* Aim of the task *
Pictures should not appear in the copy; the records themselves must be written out exactly.

* Record set *

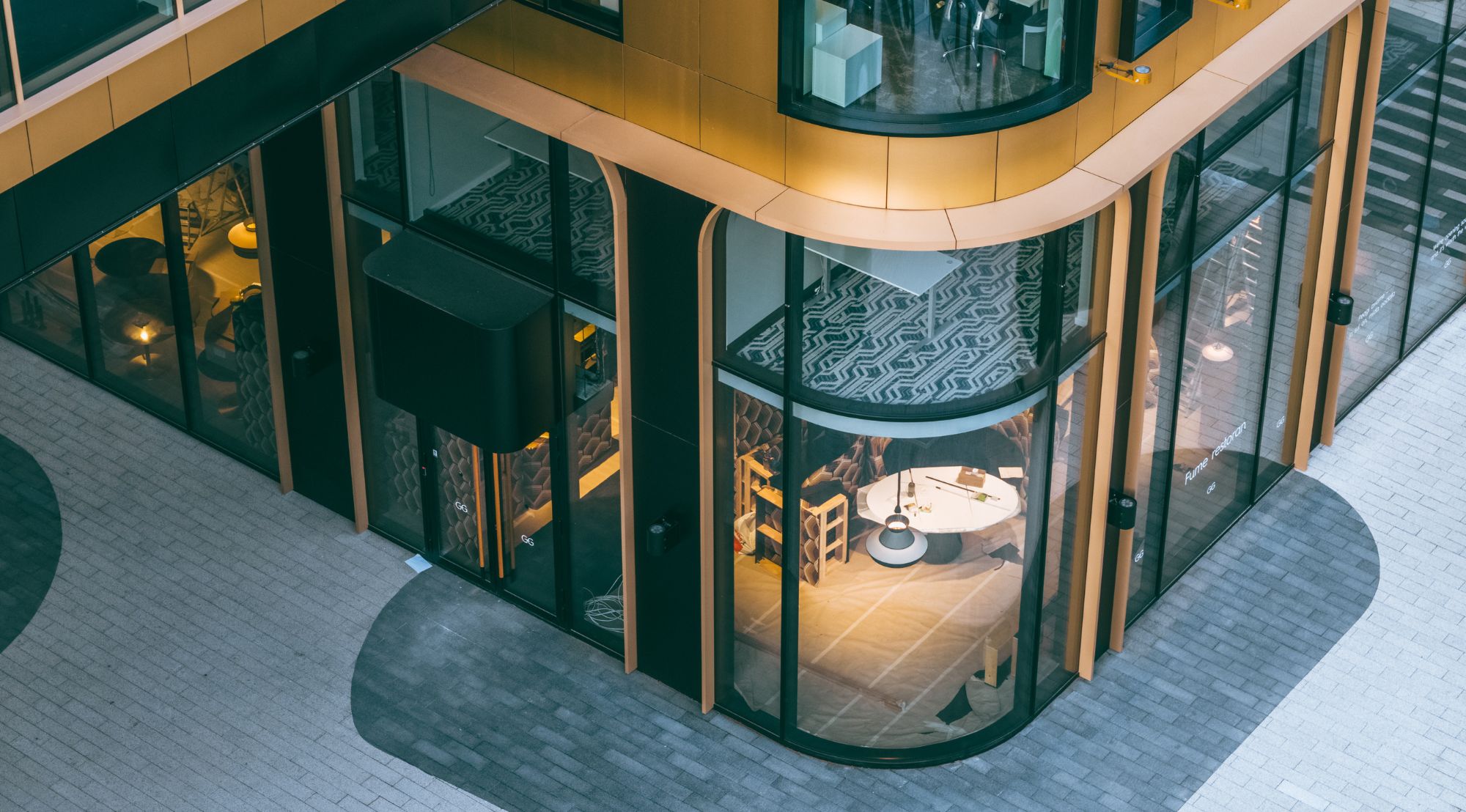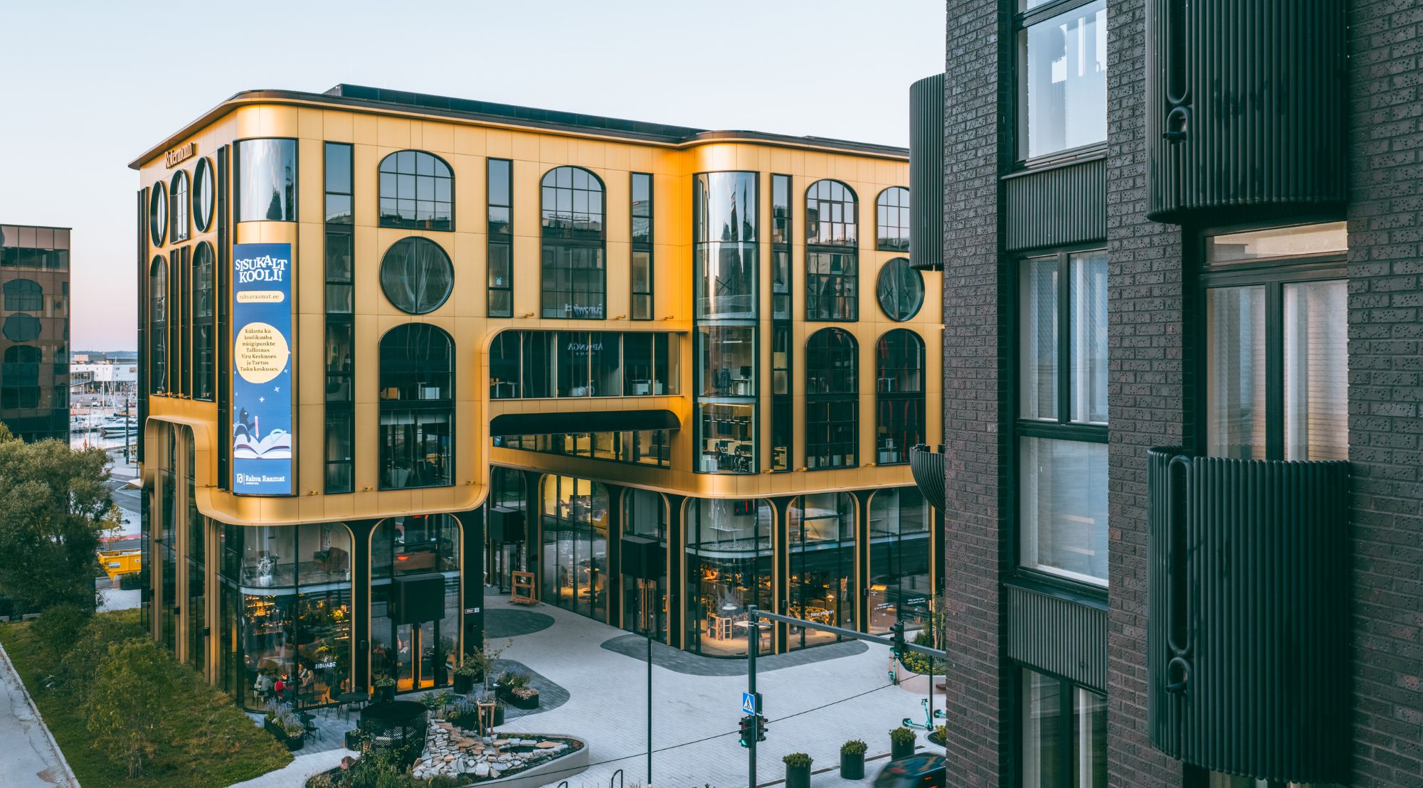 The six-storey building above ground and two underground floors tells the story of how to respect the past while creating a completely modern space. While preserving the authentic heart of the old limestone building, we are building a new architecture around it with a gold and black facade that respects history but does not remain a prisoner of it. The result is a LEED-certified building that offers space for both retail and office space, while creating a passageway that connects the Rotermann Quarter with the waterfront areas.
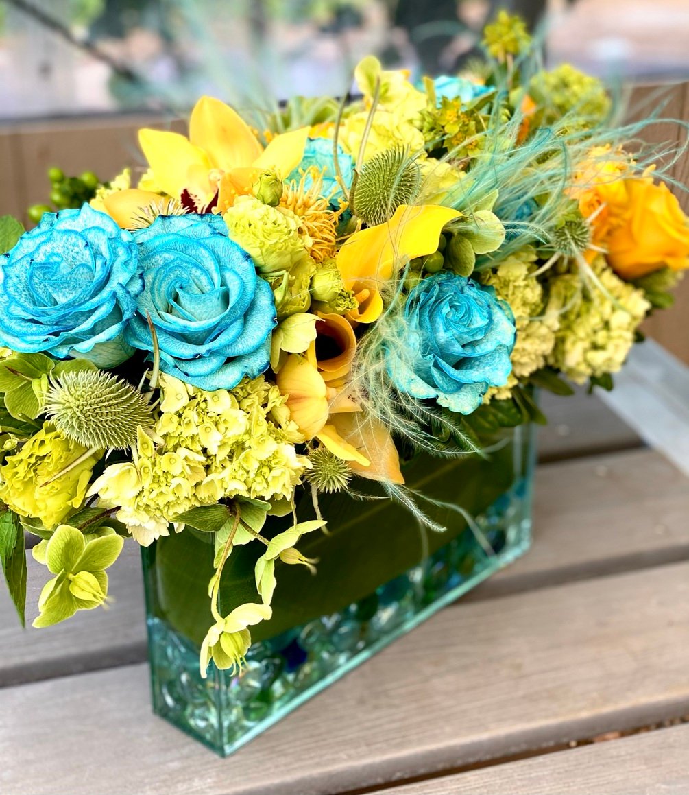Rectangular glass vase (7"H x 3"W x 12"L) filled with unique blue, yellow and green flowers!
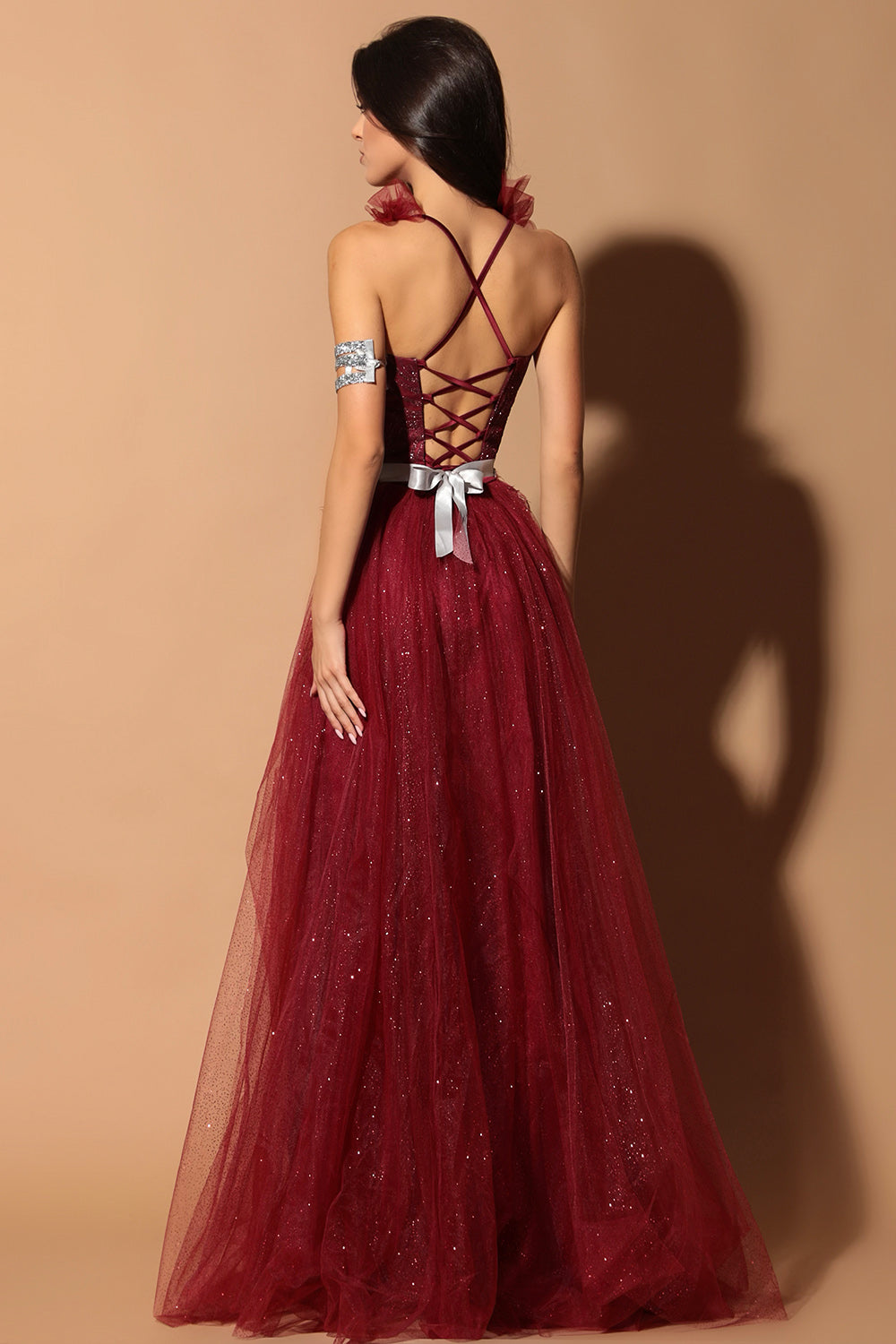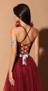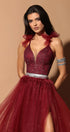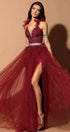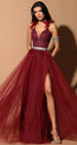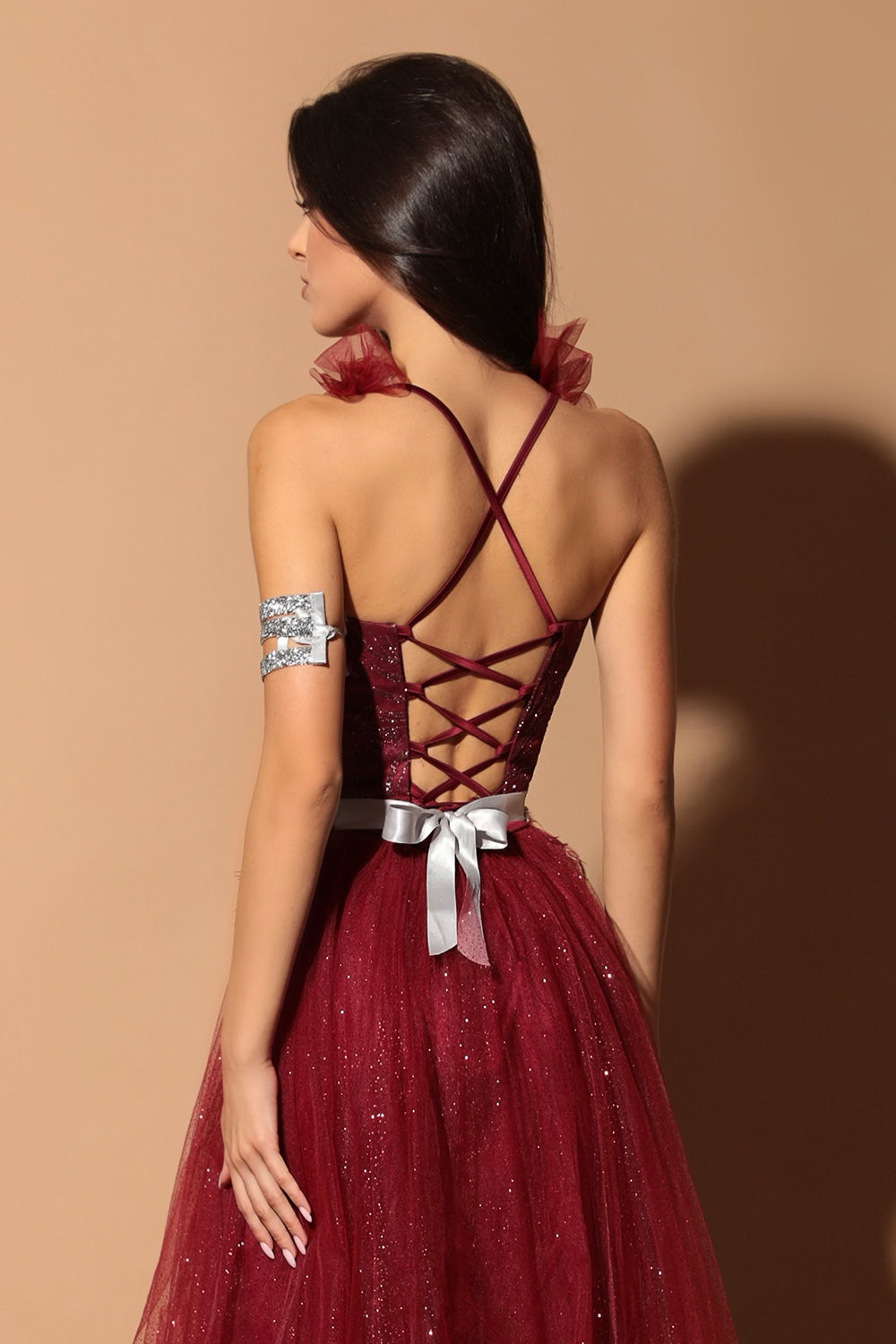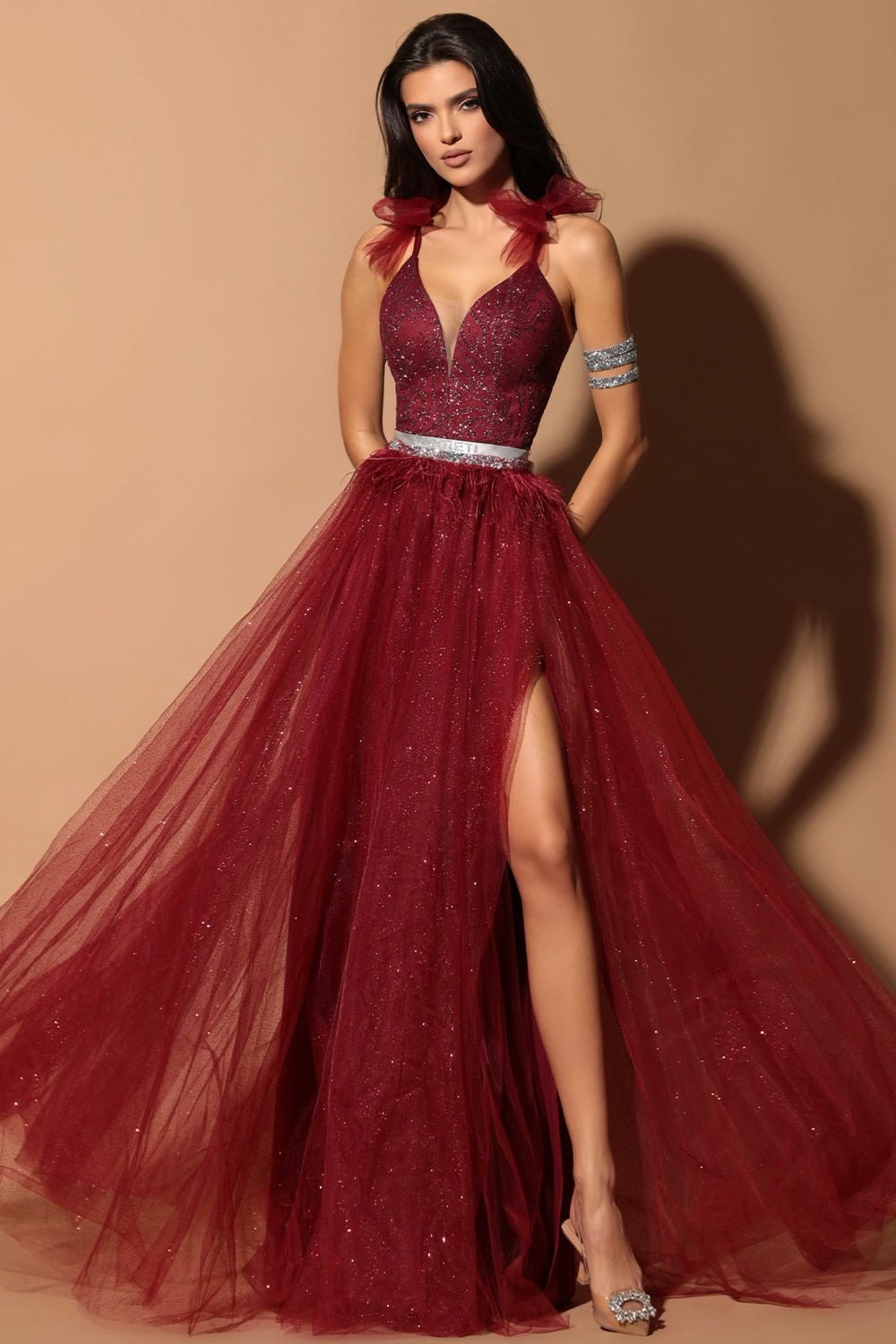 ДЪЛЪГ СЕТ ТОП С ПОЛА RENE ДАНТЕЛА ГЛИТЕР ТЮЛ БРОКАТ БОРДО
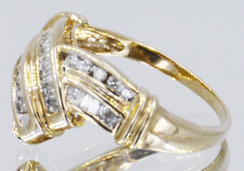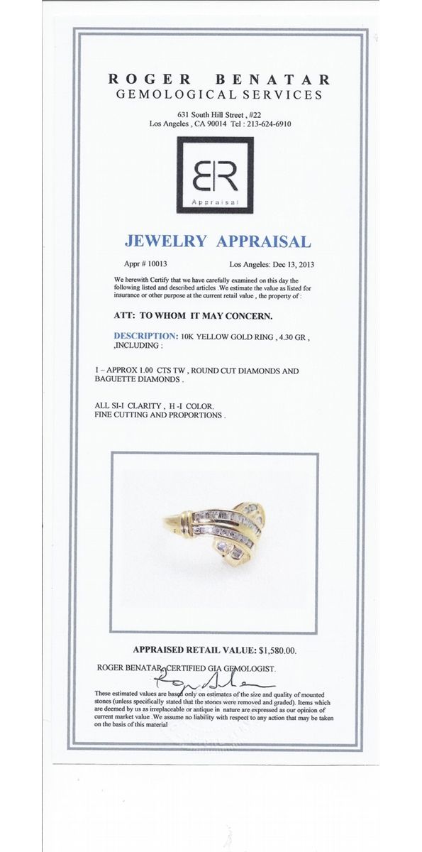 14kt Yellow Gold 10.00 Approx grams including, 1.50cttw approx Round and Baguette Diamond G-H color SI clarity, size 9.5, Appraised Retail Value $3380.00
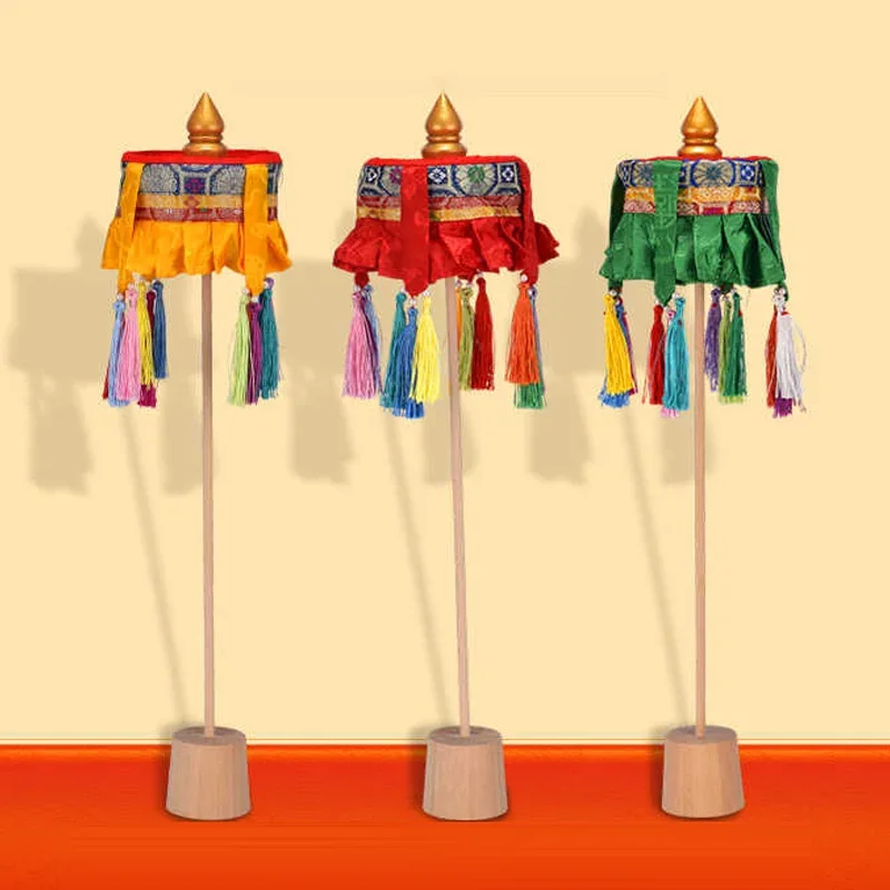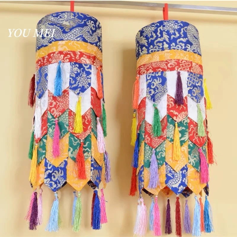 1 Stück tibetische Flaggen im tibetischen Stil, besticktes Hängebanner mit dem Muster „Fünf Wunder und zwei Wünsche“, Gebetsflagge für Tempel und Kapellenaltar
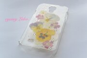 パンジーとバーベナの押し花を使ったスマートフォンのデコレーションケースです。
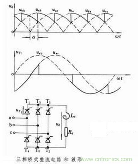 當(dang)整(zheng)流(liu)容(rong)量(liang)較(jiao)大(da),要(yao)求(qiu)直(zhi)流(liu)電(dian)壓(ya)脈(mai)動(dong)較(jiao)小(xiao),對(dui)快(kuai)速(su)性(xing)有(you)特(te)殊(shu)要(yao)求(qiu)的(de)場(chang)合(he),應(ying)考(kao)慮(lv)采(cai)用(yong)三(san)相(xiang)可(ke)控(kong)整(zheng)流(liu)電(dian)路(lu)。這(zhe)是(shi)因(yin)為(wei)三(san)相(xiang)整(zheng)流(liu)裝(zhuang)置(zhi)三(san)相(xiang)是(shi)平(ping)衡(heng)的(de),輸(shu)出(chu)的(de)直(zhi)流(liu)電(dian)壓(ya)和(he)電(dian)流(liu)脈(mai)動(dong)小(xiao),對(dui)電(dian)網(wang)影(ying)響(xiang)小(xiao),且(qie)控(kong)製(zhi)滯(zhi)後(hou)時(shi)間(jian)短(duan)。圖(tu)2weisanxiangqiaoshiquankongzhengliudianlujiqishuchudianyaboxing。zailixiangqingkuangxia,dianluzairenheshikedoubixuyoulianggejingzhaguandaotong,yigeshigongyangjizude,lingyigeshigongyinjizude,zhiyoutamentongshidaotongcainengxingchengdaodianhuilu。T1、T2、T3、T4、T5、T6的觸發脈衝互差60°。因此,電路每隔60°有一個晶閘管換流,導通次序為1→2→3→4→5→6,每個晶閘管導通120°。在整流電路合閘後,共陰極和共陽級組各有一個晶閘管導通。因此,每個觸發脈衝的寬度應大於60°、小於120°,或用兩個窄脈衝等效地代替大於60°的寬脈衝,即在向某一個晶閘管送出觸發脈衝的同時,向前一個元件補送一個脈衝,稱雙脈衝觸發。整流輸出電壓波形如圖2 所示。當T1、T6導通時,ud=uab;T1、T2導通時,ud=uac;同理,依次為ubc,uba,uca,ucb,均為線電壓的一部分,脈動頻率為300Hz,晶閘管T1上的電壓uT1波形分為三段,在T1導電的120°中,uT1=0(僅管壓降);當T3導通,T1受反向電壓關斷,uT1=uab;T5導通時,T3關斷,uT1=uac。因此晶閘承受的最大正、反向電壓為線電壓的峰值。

* The completed task *
 The six-storey building above ground and two underground floors tells the story of how to respect the past while creating a completely modern space. While preserving the authentic heart of the old limestone building, we are building a new architecture around it with a gold and black facade that respects history but does not remain a prisoner of it. The result is a LEED-certified building that offers space for both retail and office space, while creating a passageway that connects the Rotermann Quarter with the waterfront areas.
Rectangular glass vase (7"H x 3"W x 12"L) filled with unique blue, yellow and green flowers!
 ДЪЛЪГ СЕТ ТОП С ПОЛА RENE ДАНТЕЛА ГЛИТЕР ТЮЛ БРОКАТ БОРДО
 14kt Yellow Gold 10.00 Approx grams including, 1.50cttw approx Round and Baguette Diamond G-H color SI clarity, size 9.5, Appraised Retail Value $3380.00
 1 Stück tibetische Flaggen im tibetischen Stil, besticktes Hängebanner mit dem Muster „Fünf Wunder und zwei Wünsche“, Gebetsflagge für Tempel und Kapellenaltar
 パンジーとバーベナの押し花を使ったスマートフォンのデコレーションケースです。
 當(dang)整(zheng)流(liu)容(rong)量(liang)較(jiao)大(da),要(yao)求(qiu)直(zhi)流(liu)電(dian)壓(ya)脈(mai)動(dong)較(jiao)小(xiao),對(dui)快(kuai)速(su)性(xing)有(you)特(te)殊(shu)要(yao)求(qiu)的(de)場(chang)合(he),應(ying)考(kao)慮(lv)采(cai)用(yong)三(san)相(xiang)可(ke)控(kong)整(zheng)流(liu)電(dian)路(lu)。這(zhe)是(shi)因(yin)為(wei)三(san)相(xiang)整(zheng)流(liu)裝(zhuang)置(zhi)三(san)相(xiang)是(shi)平(ping)衡(heng)的(de),輸(shu)出(chu)的(de)直(zhi)流(liu)電(dian)壓(ya)和(he)電(dian)流(liu)脈(mai)動(dong)小(xiao),對(dui)電(dian)網(wang)影(ying)響(xiang)小(xiao),且(qie)控(kong)製(zhi)滯(zhi)後(hou)時(shi)間(jian)短(duan)。圖(tu)2weisanxiangqiaoshiquankongzhengliudianlujiqishuchudianyaboxing。zailixiangqingkuangxia,dianluzairenheshikedoubixuyoulianggejingzhaguandaotong,yigeshigongyangjizude,lingyigeshigongyinjizude,zhiyoutamentongshidaotongcainengxingchengdaodianhuilu。T1、T2、T3、T4、T5、T6的觸發脈衝互差60°。因此,電路每隔60°有一個晶閘管換流,導通次序為1→2→3→4→5→6,每個晶閘管導通120°。在整流電路合閘後,共陰極和共陽級組各有一個晶閘管導通。因此,每個觸發脈衝的寬度應大於60°、小於120°,或用兩個窄脈衝等效地代替大於60°的寬脈衝,即在向某一個晶閘管送出觸發脈衝的同時,向前一個元件補送一個脈衝,稱雙脈衝觸發。整流輸出電壓波形如圖2 所示。當T1、T6導通時,ud=uab;T1、T2導通時,ud=uac;同理,依次為ubc,uba,uca,ucb,均為線電壓的一部分,脈動頻率為300Hz,晶閘管T1上的電壓uT1波形分為三段,在T1導電的120°中,uT1=0(僅管壓降);當T3導通,T1受反向電壓關斷,uT1=uab;T5導通時,T3關斷,uT1=uac。因此晶閘承受的最大正、反向電壓為線電壓的峰值。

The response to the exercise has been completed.